Achieving a better understanding of the physiopathology of depression and of the therapeutic action of antidepressants is mandatory to design more potent and selective therapies to treat Major Depression Disorders (MDD). Because nearly all antidepressants available to date target the serotonergic and/or noradrenergic systems, a thorough knowledge of the action of these drugs on serotonergic and noradrenergic neurons would represent an important advance. Elucidating the cellular and molecular responses of neurons to antidepressants in vivo represents a very arduous task, due to the multiplicity of cell types and signals at play. Recently, our teams jointly reported on the use of the 1C11 neuronal cell line, able to differentiate into either serotonergic or noradrenergic neurons with a frequency of nearly 100% and in a mutually exclusive manner, to uncover an unsuspected mode of action of the antidepressant fluoxetine (Prozac). Fluoxetine belongs to the class of serotonin reuptake inhibitor (SRI) antidepressants, known to block the function of the serotonin transporter (SERT). We demonstrated that, in serotonergic neurons, fluoxetine promotes an increase in the microRNA miR-16, which, in turn, negatively controls the translation of its target, the SERT-encoding mRNA. Fluoxetine further triggers the release of several signaling molecules: S100beta, BDNF, Wnt2 and 15dPGJ2, which can relay the action of fluoxetine at distance from serotonergic neurons. We found that S100beta operates on noradrenergic neurons in vitro by decreasing the level of miR-16 and unlocking the expression of SERT and that of other serotonergic functions, while not altering noradrenergic functions. Noradrenergic neurons thus become a new source of serotonin and are rendered sensitive to SRIs. Importantly, we were able to validate our in vitro findings in vivo in raphe and the locus coeruleus and to demonstrate a beneficial effect of the fluoxetine-dependent regulation of miR-16 in these 2 brain regions in a mouse model of depression. We further gained evidence that BDNF, Wnt2 and 15dPGJ2 act in synergy to promote a decrease in miR-16 levels in the hippocampus, which triggers hippocampal neurogenesis.

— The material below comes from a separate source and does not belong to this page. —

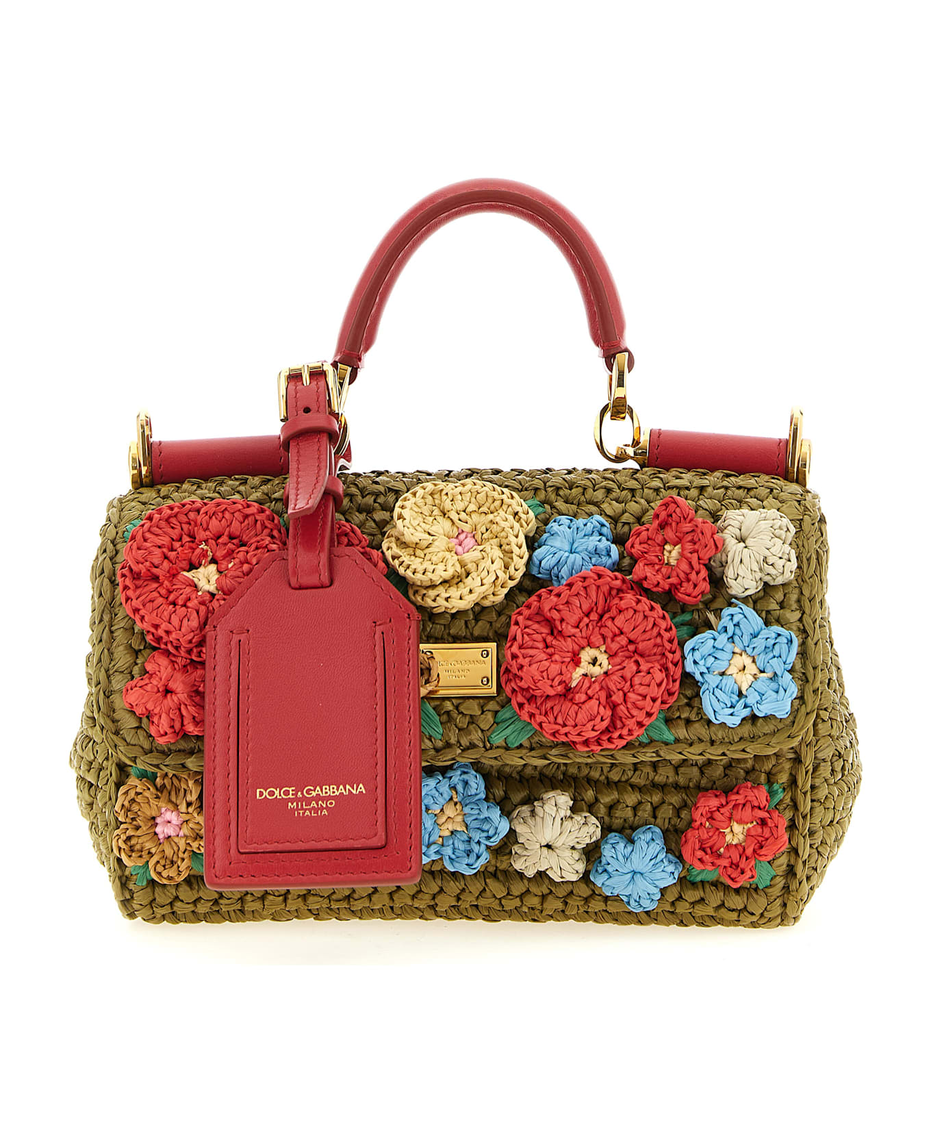 'My Sicily' mini handbag in crocheted raffia with 3D floral and smooth leather decoration, vintage brass galvanic metal details, flap closure with tuck-in mechanism and metal tag with front engraved logo, fixed handle, adjustable and removable shoulder strap, removable name tag.

Finally, we established the translational relevance of the fluoxetine-induced release of BDNF, Wnt2 and 15dPGJ2 by showing that these 3 molecules are increased in the CSF of mice or depressed patients in response to fluoxetine.
We now aim to build upon the identification of these effectors and pathways to decipher the integrated response of serotonergic neurons to antidepressants and to assess their long-term adaptation and the reversibility of the fluoxetine-induced changes. Our project also focuses on the mechanisms behind the plasticity of noradrenergic neurons, which adapt to the connection with fluoxetine-exposed serotonergic neurons by implementing serotonergic functions themselves. A key question we propose to address is whether noradrenergic neurons can maintain a mixed serotonergic-noradrenergic phenotype over a long time-period and whether permanent input (S100beta) signals are required.
Our experimental strategy will rely primarily on the serotonergic and noradrenergic derivatives of the 1C11 cell line to probe effectors (receptors, signal transduction intermediates, extracellular signaling molecules) and signalling pathways to establish molecular scenarios to be further tested in vivo in mice or, when appropriate, in the CSF of depressed patients.
A main asset of the project is the complementarity of the 2 teams, which has already proved successfull in yielding the overall results at the origin of the present proposal. By shedding further light on the molecular pathways that are recruited by SRI antidepressants in serotonergic and, indirectly, noradrenergic neurons, our project should have implications as to (1) the identification of molecular readouts to probe the efficacy of drug response and (2) the optimization of therapeutic protocols.